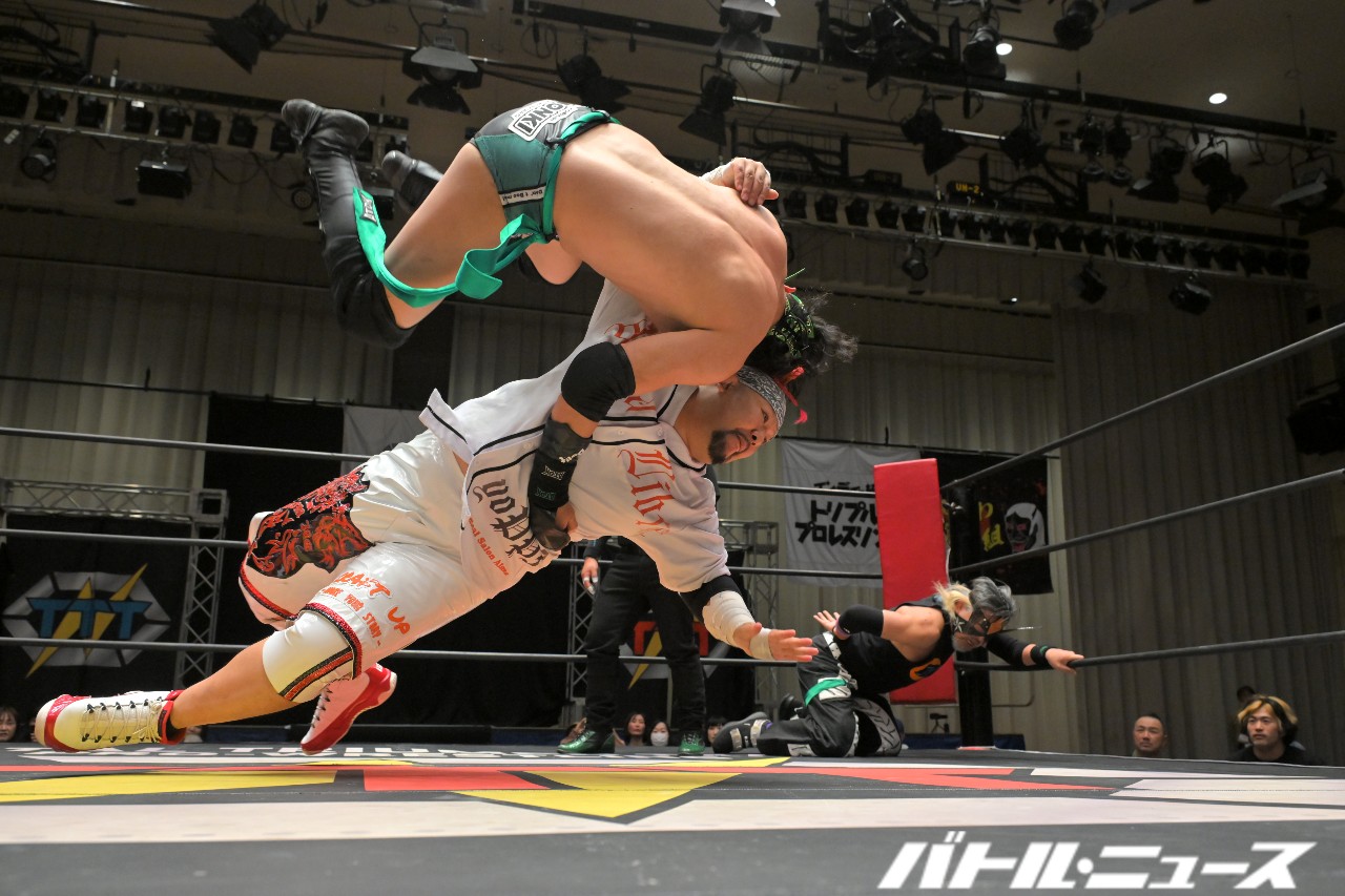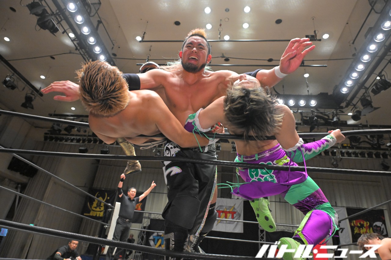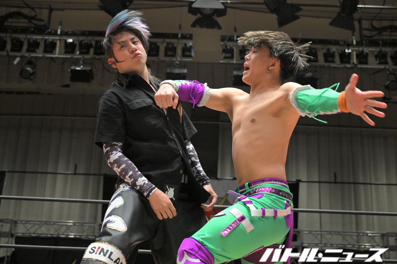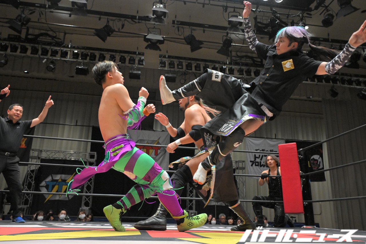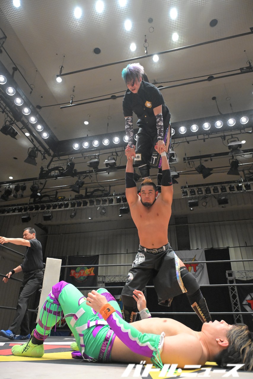 定は藤田をフロント・スープレックスで投げ捨て、綾斗にはトラースキックからスロイダー。綾斗&藤田が2人でロープに振るが、定がショットガン・ドロップキックで2人まとめて吹っ飛ばす。定が綾斗にMADE IN NERIMAを狙うが、綾斗がコブラツイストで切り返す。定が腰投げで叩きつけてコーナーへの串刺し攻撃を狙うが、綾斗が綾斗ニーからランニング・ネックブリーカー・ドロップ。綾斗が藤田にタッチ。
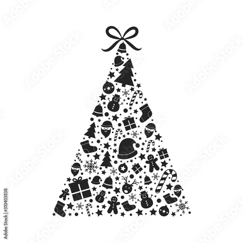 Beautiful Christmas tree made of festive ornaments. Vector
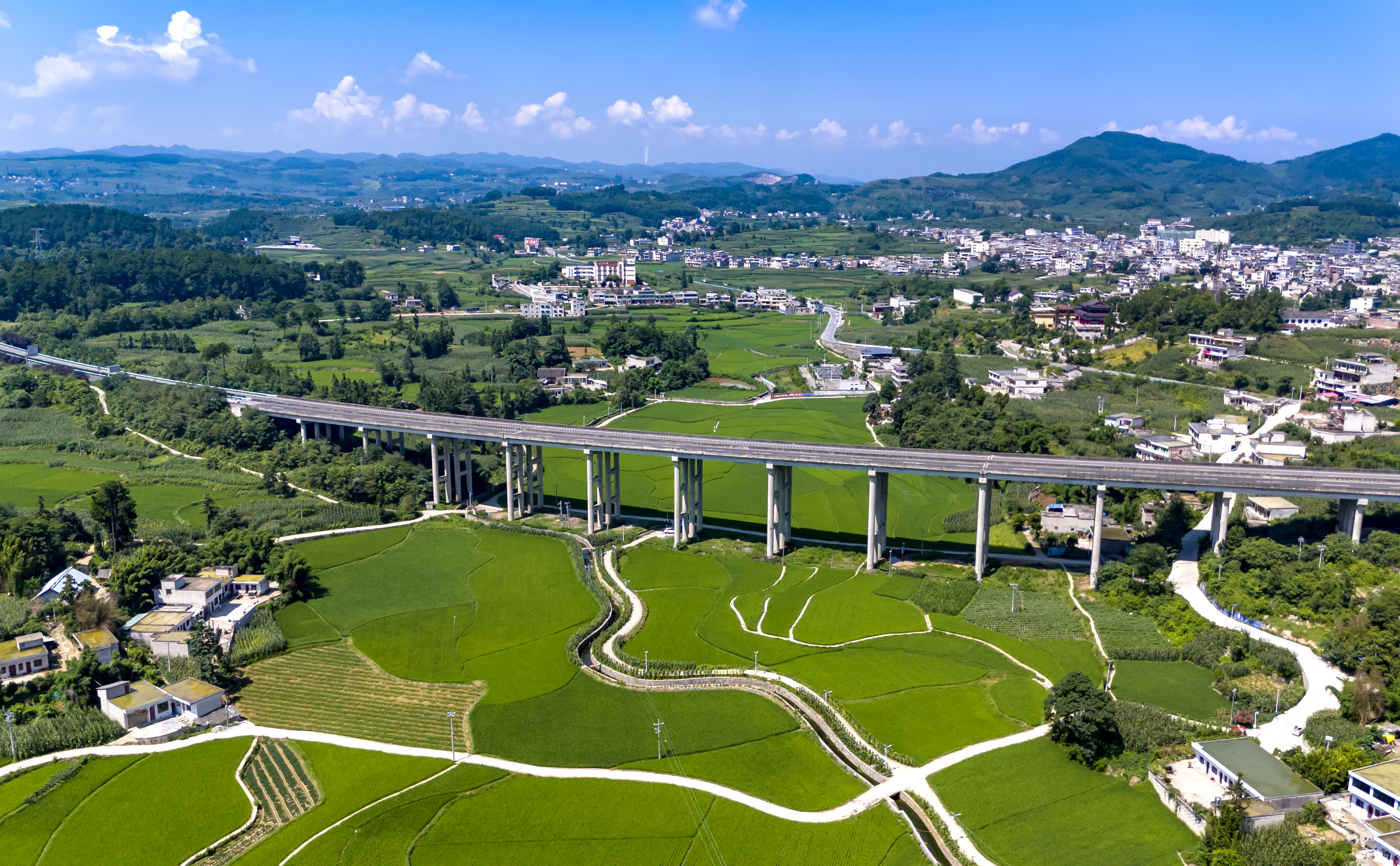 10月8日,國慶中秋假期的最后一天,貴州省貴黔高速公路鴨池河大橋迎來返程車流高峰,大橋上的車流與河流、峽谷交相輝映,壯美如畫。
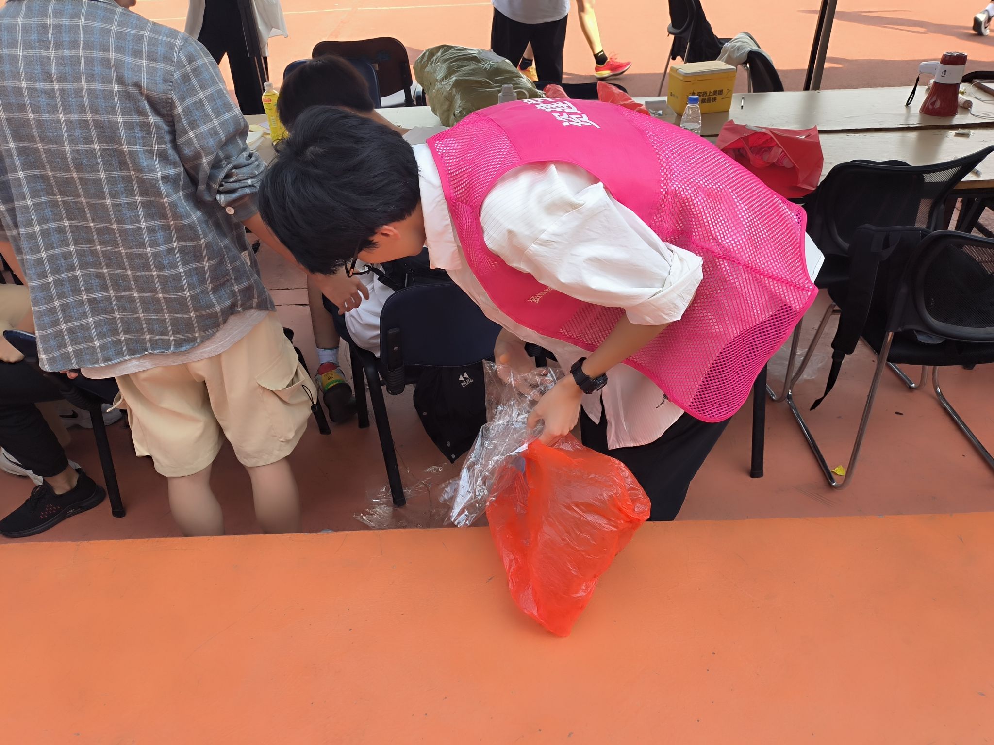 此次志愿服务中,学生党员和入党积极分子身穿红马甲,活跃于整个田径场。哪里有需要,哪里就有志愿者们的身影。志愿者们分工明晰,布置有序,全力做好运动员志愿服务保障工作。通过前期安排志愿者与运动员项目的对接工作,确保运动员顺利检录;同时为运动员提供暖心服务包,收纳运动员物品,准备运动员用水,确保运动员能安心比赛;为师生运动员呐喊助威,关心关注运动员赛后状态;拍照记录运动员的精彩瞬间,维护田径场的干净整洁,以饱满的热情做好本次志愿者服务工作,为师生运动员做好了后勤服务保障。

━━━━

Required action –
Exact reproduction is required for the lines from the one containing "10月8日,國慶中秋假期的最" through the end of the material, and for those lines only, without pictures.

Solution below –
 10月8日,國慶中秋假期的最后一天,貴州省貴黔高速公路鴨池河大橋迎來返程車流高峰,大橋上的車流與河流、峽谷交相輝映,壯美如畫。
 此次志愿服务中,学生党员和入党积极分子身穿红马甲,活跃于整个田径场。哪里有需要,哪里就有志愿者们的身影。志愿者们分工明晰,布置有序,全力做好运动员志愿服务保障工作。通过前期安排志愿者与运动员项目的对接工作,确保运动员顺利检录;同时为运动员提供暖心服务包,收纳运动员物品,准备运动员用水,确保运动员能安心比赛;为师生运动员呐喊助威,关心关注运动员赛后状态;拍照记录运动员的精彩瞬间,维护田径场的干净整洁,以饱满的热情做好本次志愿者服务工作,为师生运动员做好了后勤服务保障。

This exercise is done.